Lately, however, and I don’t know whether to take this as a warning from the tengu who daily watch over R. and I as part of a vow we made on our mountain-top wedding day, but that’s another story…

… lately I’ve come across a few head’s ups that’ve got me re-evaluating my whole relationship to Nature-the-Benign.

Nihonzaru, Japanese Macaque

First, a comment back in July by Wassatagain on Lonely Planet’s Thorn Tree Forum got me thinking ’bout monkeys, specifically the Japanese macaques most famous for wintering-over in the hot springs near Nagano, but common enough even in the mountain forests around Tokyo. I know they’re around, but I’ve never seen one in the wild. Than, a couple of weeks ago on TV, I saw a report about a monkey attack in Miyakazaki. Really? Japan macaque attacks? Apparently it happens, though not often. Fortunately, for what it’s worth, back in 2007 Michelle Tsai published on Slate an article “How to Fight Monkeys“. Her report focuses on the long=tailed variety of macaque found in places like Bali and the cities of India. The gist of it? Give ’em your snack, or bop ’em on the head with a stick.

Yamabiru, Leeches

Then a group of students returned from an excursion to Tanzawa with reports of a land leech. A leech? On Honshu? I knew they were on the southern islands such as Iriomote in the wet season, even as far north as Yakushima, but here on main-island Honshu? In the relatively dry late summer/early autumn?

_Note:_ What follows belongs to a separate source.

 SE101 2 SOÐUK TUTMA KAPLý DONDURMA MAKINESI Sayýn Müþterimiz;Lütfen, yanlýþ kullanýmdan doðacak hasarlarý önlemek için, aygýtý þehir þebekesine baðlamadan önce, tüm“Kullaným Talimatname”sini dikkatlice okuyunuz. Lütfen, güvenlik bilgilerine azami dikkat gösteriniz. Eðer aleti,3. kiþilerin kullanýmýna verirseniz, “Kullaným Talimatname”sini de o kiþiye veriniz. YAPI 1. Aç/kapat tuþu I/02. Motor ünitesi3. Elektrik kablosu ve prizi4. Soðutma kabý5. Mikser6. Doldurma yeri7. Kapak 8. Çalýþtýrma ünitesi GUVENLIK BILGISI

A bit of investigation — it didn’t take much — led to an unwelcome discovery: leeches! The Internet’s infested with them. See below for a couple of videos, including tips on how to remove the suckers…

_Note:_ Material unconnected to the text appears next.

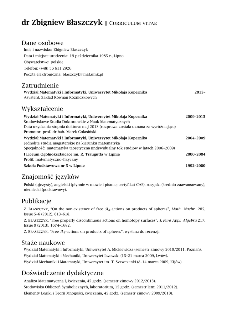 dr Zbigniew Błaszczyk || Curriculum vitae Dane osobowe Imi˛ e i nazwisko: Zbigniew Błaszczyk Data i miejsce urodzenia: 19 października 1985 r., Lipno Obywatelstwo: polskie Telefon: (+48) 56 611 2926 Poczta elektroniczna: [email protected] Zatrudnienie Wydział Matematyki i Informatyki, Uniwersytet Mikołaja Kopernika Asystent, Zakład Równań Różniczkowych 2013– Wykształcenie Wydział Matematyki i Informatyki, Uniwersytet Mikołaja Kopernika Środowiskowe Studia Doktoranckie z Nauk Matematycznych Data uzyskania stopnia doktora: maj 2013 (rozprawa została uznana za wyróżniajac ˛ a) ˛ Promotor: prof. dr hab. Marek Golasiński 2009–2013 Wydział Matematyki i Informatyki, Uniwersytet Mikołaja Kopernika Jednolite studia magisterskie na kierunku matematyka Specjalność: matematyka teoretyczna (indywidualny tok studiów w latach 2006–2009) 2004–2009 I Liceum Ogólnokształcace ˛ im. R. Traugutta w Lipnie Profil: matematyczno–fizyczny 2000–2004 Szkoła Podstawowa nr 5 w Lipnie 1992–2000 Znajomość j˛ ezyków Polski (ojczysty), angielski (płynnie w mowie i piśmie; certyfikat CAE), rosyjski (średnio zaawansowany), niemiecki (podstawowy). Publikacje Z. Błaszczyk, “On the non-existence of free Ad -actions on products of spheres”, Math. Nachr. 285, Issue 5–6 (2012), 613–618. Z. Błaszczyk, “Free properly discontinuous actions on homotopy surfaces”, J. Pure Appl. Algebra 217, Issue 9 (2013), 1674–1682. Z. Błaszczyk, “Free A4 -actions on products of spheres”, wysłana do recenzji. Staże naukowe Wydział Matematyki i Informatyki, Uniwersytet A. Mickiewicza (semestr zimowy 2010/2011, Poznań). Wydział Matematyki i Mechaniki, Uniwersytet Lwowski (15–21 marca 2009, Lwów). Wydział Mechaniki i Matematyki, Uniwersytet im. T. Szewczenki (8–14 marca 2009, Kijów). Doświadczenie dydaktyczne Analiza Matematyczna I, ćwiczenia, 45 godz. (semestr zimowy 2012/2013). Środowiska Obliczeń Symbolicznych, laboratorium, 15 godz. (semestr letni 2011/2012). Elementy Logiki i Teorii Mnogości, ćwiczenia, 45 godz. (semestr zimowy 2009/2010). Zbigniew Błaszczyk – Curriculum vitae Udział w konferencjach i seminariach z referatem Seminarium Zakładu Geometrii i Topologii, UAM (17 stycznia 2013, Poznań). Sympozjum “Geometria rozmaitości i działania grup” (6–9 września 2012, Gdańsk). 6th European Congress of Mathematics (2–7 lipca 2012, Kraków). Sympozjum “Geometria rozmaitości i działania grup” (10–13 listopada 2011, Zakopane). Israeli–Polish Mathematical Meeting (11–15 września 2011, Łódź). Sympozjum “Geometria rozmaitości i działania grup”, UAM (17–18 czerwca 2011, Poznań). Seminarium Katedry Algebry i Geometrii, UMK (10 maja 2011, Toruń). Seminarium “Metody topologiczne i wariacyjne”, UMK (10 maja 2010, Toruń). Seminarium Katedry Geometrii i Topologii, Uniwersytet Lwowski (16 marca 2009, Lwów) Seminarium Katedry Geometrii i Topologii, Ukraińska Akademia Nauk (11 marca 2009, Kijów). Seminarium doktoranckie prof. A. Prishlyaka, Uniwersytet im. T. Szewczenki (10 marca 2009, Kijów). Udział w szkołach i warsztatach z referatem Workshop on Algebraic and Geometric Topology (16–21 lipca 2012, Warszawa). Brazilian–Polish Topology Workshop (9–14 lipca 2012, Toruń). Toruńska Letnia Szkoła Matematyki (31 sierpnia–4 września 2009, Toruń). VI Matematyczne Warsztaty Kół Naukowych (29–30 listopada 2008, Toruń). V Matematyczne Warsztaty Kół Naukowych (28–30 marca 2008, Hel). IV Matematyczne Warsztaty Kół Naukowych (15–16 grudnia 2007, Toruń). III Letnia Szkoła Algebry i Topologii (3–7 września 2007, Gliwice). Pozostałe konferencje, szkoły i warsztaty Applied Topology (21–27 lipca 2013, B˛ edlewo). Minikonferencja dla doktorantów IV (13–14 kwietnia 2012, Toruń). VI Sympozjum Analizy Nieliniowej (7–9 września 2011, Toruń). Minikonferencja dla doktorantów II (8–9 kwietnia 2011, Poznań). Minikonferencja dla doktorantów I (8–9 października 2010, Warszawa). Group Actions in Topology and Geometric Group Theory (14–18 czerwca 2010, Poznań). The Second W. Killing and K. Weierstrass Colloquium (24–26 marca 2010, Braniewo). Conference on Algebraic Topology CAT’09 (6–11 lipca 2009, Warszawa). Zimowa Szkoła Centrum Badań Nieliniowych im. J. P. Schaudera (9–13 lutego 2009, Toruń). Conference on Algebraic and Geometric Topology (9–13 czerwca 2008, Gdańsk). Fifth Symposium on Nonlinear Analysis (10–14 września 2007, Toruń). Algebraic Topology: Old and New – Postnikov Memorial Conference (18–24 czerwca 2007, B˛ edlewo). Nagrody i wyróżnienia Zaproszenie do wygłoszenia referatu w trakcie sesji tematycznej “Homotopy Theory” podczas konferencji Israeli–Polish Mathematical Meeting. Kwalifikacja do programu Środowiskowych Studiów Doktoranckich z Nauk Matematycznych. Stypendium ministra nauki i szkolnictwa wyższego w roku akademickim 2008/2009. Tytuł najlepszego studenta Wydziału Matematyki i Informatyki UMK w roku akademickim 2007/2008. Stypendium marszałka województwa kujawsko-pomorskiego w semestrach: zimowym oraz letnim roku akademickiego 2007/2008. III nagroda w konkursie na najlepszy referat za odczyt On cell decomposition of SO(n) w trakcie III Letniej Szkoły Algebry i Topologii. 2/3 Zbigniew Błaszczyk – Curriculum vitae Działalność organizacyjna i popularnonaukowa Przedstawiciel doktorantów w Radzie Wydziału Matematyki i Informatyki UMK (2011–2013). Członek Wydziałowej Komisji Stypendialnej Doktorantów (rok akademicki 2009/2010). Współorganizacja proseminariów poświ˛ econych: topologicznej K-teorii (rok akademicki 2007/2008), homologiom persystentnym (semestr zimowy 2011/2012). Współorganizacja Toruńskiej Letniej Szkoły Matematyki (31 sierpnia–4 września 2009, Toruń). Udział w 9. Toruńskim Festiwalu Nauki i Sztuki – referat “2, 3, 5, 7, . . . ”, czyli o liczbach pierwszych słów kilka (25 kwietnia 2009, Toruń)

According to this Reuters report, leeches have been hitching rides into town on deer and other animals since at least, like 2007. And they’re vicious little suckers(!):

“Yamabiru will climb into people’s socks and stay for about an hour, growing five to 10 times in size. Unlike with water leeches, people don’t immediately realize they’ve been bitten. Only later when they see their blood-soaked feet, do they realize what has happened,” said Shigekazu Tani, the institute’s director.

Tsukino Waguma, Asiatic black bear aka “moon bear” or “crescent bear”

Then I recalled a stomach-turning (nipple twisting?) article by Ed Hannam in the local magazine Outdoor Japan: a blow-by-blow account of one runner’s hand-to-paw battle with an Asiatic black bear in the tourist area of Hakone, an hour from Tokyo, and a place where R. and I have been many times: “A Bear Is Ripping Off My Nipple”.

Then I discover, by way of Wikipedia, that the asiatic black bear, “the most bizarre of the ursine species” for its ability to walk on its hind feet,

“Though largely herbivorous, Asian black bears can be very aggressive toward humans, and have frequently attacked people without provocation.”

In Okutama, an area just under an hour’s fast train trip from here, and where R. and I often go outside, the Visitor’s Center updates a bear sightings page. I note with some trepidation that Ocxtober and November, when the bears may be loading on fat for the winter and the mountains of Okutama are full of Koyo hikers, have by far the highest incidents of bear sightings.

Inushishi, Wild boar

Bears may be the scariest creatures in most people’s imaginations, but there’s another large and dangerous mammal lurking under the radar, so to speak, in Japan’s forests. See the stories and videos below for reports of pigs gone wild.

Screw it: no carnivore or parasite will keep us down for long. Heck, last weekend we hiked the muddy, typhoon-drenched trails of the Yamanshi Highlands to see the koyo autumn colours. This year end, same as we do every year, we’ll go to the mountaintop shrine near Okutama where we exchanged wedding vows and return at least a couple of times a year. But for now, for this weekend of hard research and video watching, we’ll stay local. No-one’s reported leeches on the sidewalks of Nerima. Yet.